Prompt: Everything from the line with "Det blev en" through the last line of the data below should be copied exactly, apart from the pictures.
────
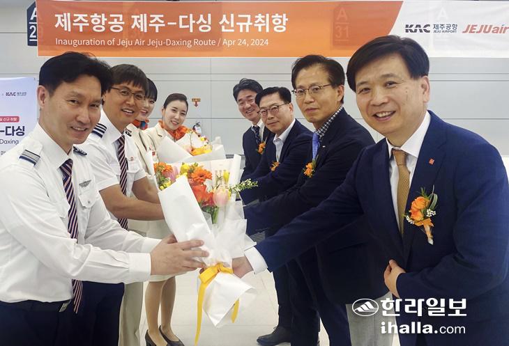 24일 제주국제공항에서 홍준모 제주항공 안전보안본부장, 김복근 한국공항공사 제주공항장 등이 참석한 가운데 제주~다싱 노선 신규 취항 기념 행사가 열렸다. 제주항공 제공
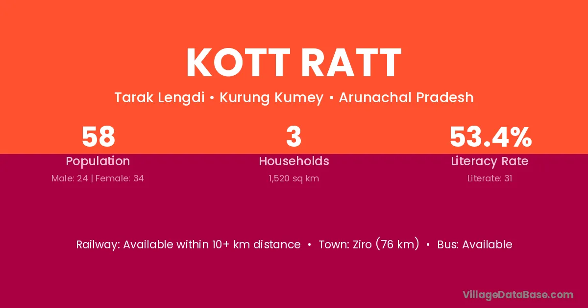 Ziro (76 km) is the nearest town to Kott Ratt village for major economic activities and is located approximately 76 km away.
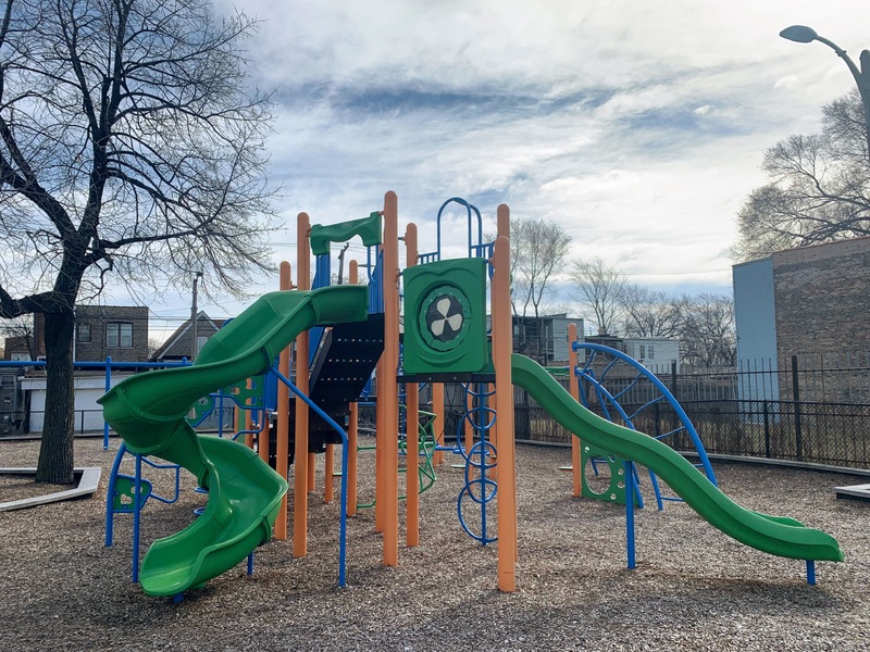 Humboldt Park - West PlaygroundThis playground - one of 5 in Humboldt Park - is located on the west side of the park near Division and Kedzie. This playground is a great play area surrounded by trees and features a swing set, a small play structure for younger children, and a large, sprawling play structure for older children with a variety of slides, climbing elements, and monkey bars. The amenities are also quite nice. The play area is fenced from the street (though not fully enclosed) and nicely surrounded by mature trees. Inside the play area are a few benches and even a picnic table for seating. The play surface is soft rubber and the larger play structure is somewhat accessible by a ramp. All in all, this is a solid playground with amenities to make it a comfortable place for the whole family; highly recommend.
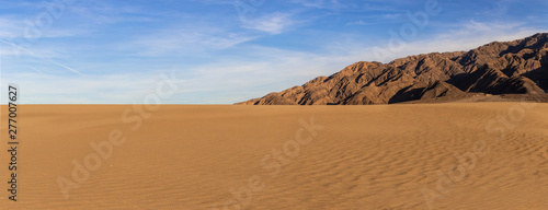 Sand dunes in a desert landscape in Death Valley California. The vast barren land is dry and arid due to droughts result of global warming and climate change.
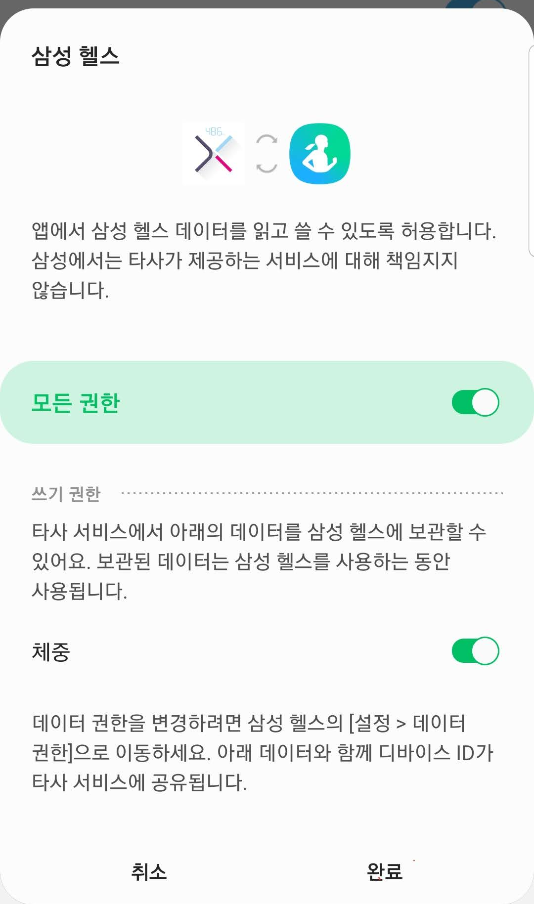 '모든권한'을 활성화해서 피쿡에서 삼성헬스로 넘겨줄 수 있는 데이터를 넘겨줍니다.
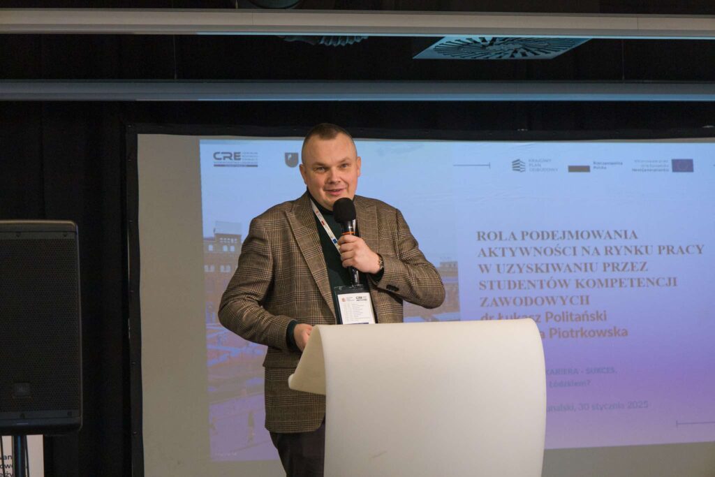 Już od samego rana frekwencja była imponująca – konferencję oficjalnie otwarto o godzinie 9:30, a tuż po niej dr Łukasz Politaniś z Akademii Piotrkowskiej przedstawił prelekcję na temat roli aktywności na rynku pracy w zdobywaniu kompetencji zawodowych.
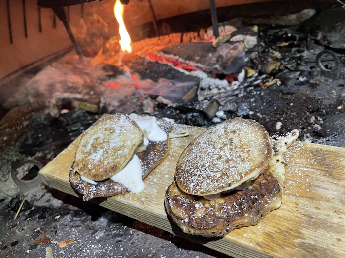 Det blev en hel del jobb med att hugga ved, elda i kaminen i stugan, koka vatten av snö och laga mat så jag orkade inte värma upp bastun och det var ganska sent. Jag gick och lade mig tidigt till brasans sprakande.
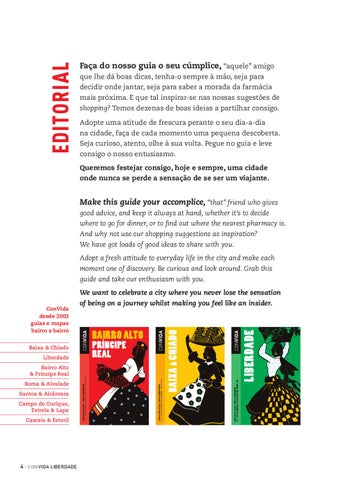 Faça do nosso guia o seu cúmplice, “aquele” amigo que lhe dá boas dicas, tenha-o sempre à mão, seja para decidir onde jantar, seja para saber a morada da farmácia mais próxima. E que tal inspirar-se nas nossas sugestões de shopping? Temos dezenas de boas ideias a partilhar consigo. Adopte uma atitude de frescura perante o seu dia-a-dia na cidade, faça de cada momento uma pequena descoberta. Seja curioso, atento, olhe à sua volta. Pegue no guia e leve consigo o nosso entusiasmo. Queremos festejar consigo, hoje e sempre, uma cidade onde nunca se perde a sensação de se ser um viajante.
────
Finished task:
 Det blev en hel del jobb med att hugga ved, elda i kaminen i stugan, koka vatten av snö och laga mat så jag orkade inte värma upp bastun och det var ganska sent. Jag gick och lade mig tidigt till brasans sprakande.
 Faça do nosso guia o seu cúmplice, “aquele” amigo que lhe dá boas dicas, tenha-o sempre à mão, seja para decidir onde jantar, seja para saber a morada da farmácia mais próxima. E que tal inspirar-se nas nossas sugestões de shopping? Temos dezenas de boas ideias a partilhar consigo. Adopte uma atitude de frescura perante o seu dia-a-dia na cidade, faça de cada momento uma pequena descoberta. Seja curioso, atento, olhe à sua volta. Pegue no guia e leve consigo o nosso entusiasmo. Queremos festejar consigo, hoje e sempre, uma cidade onde nunca se perde a sensação de se ser um viajante.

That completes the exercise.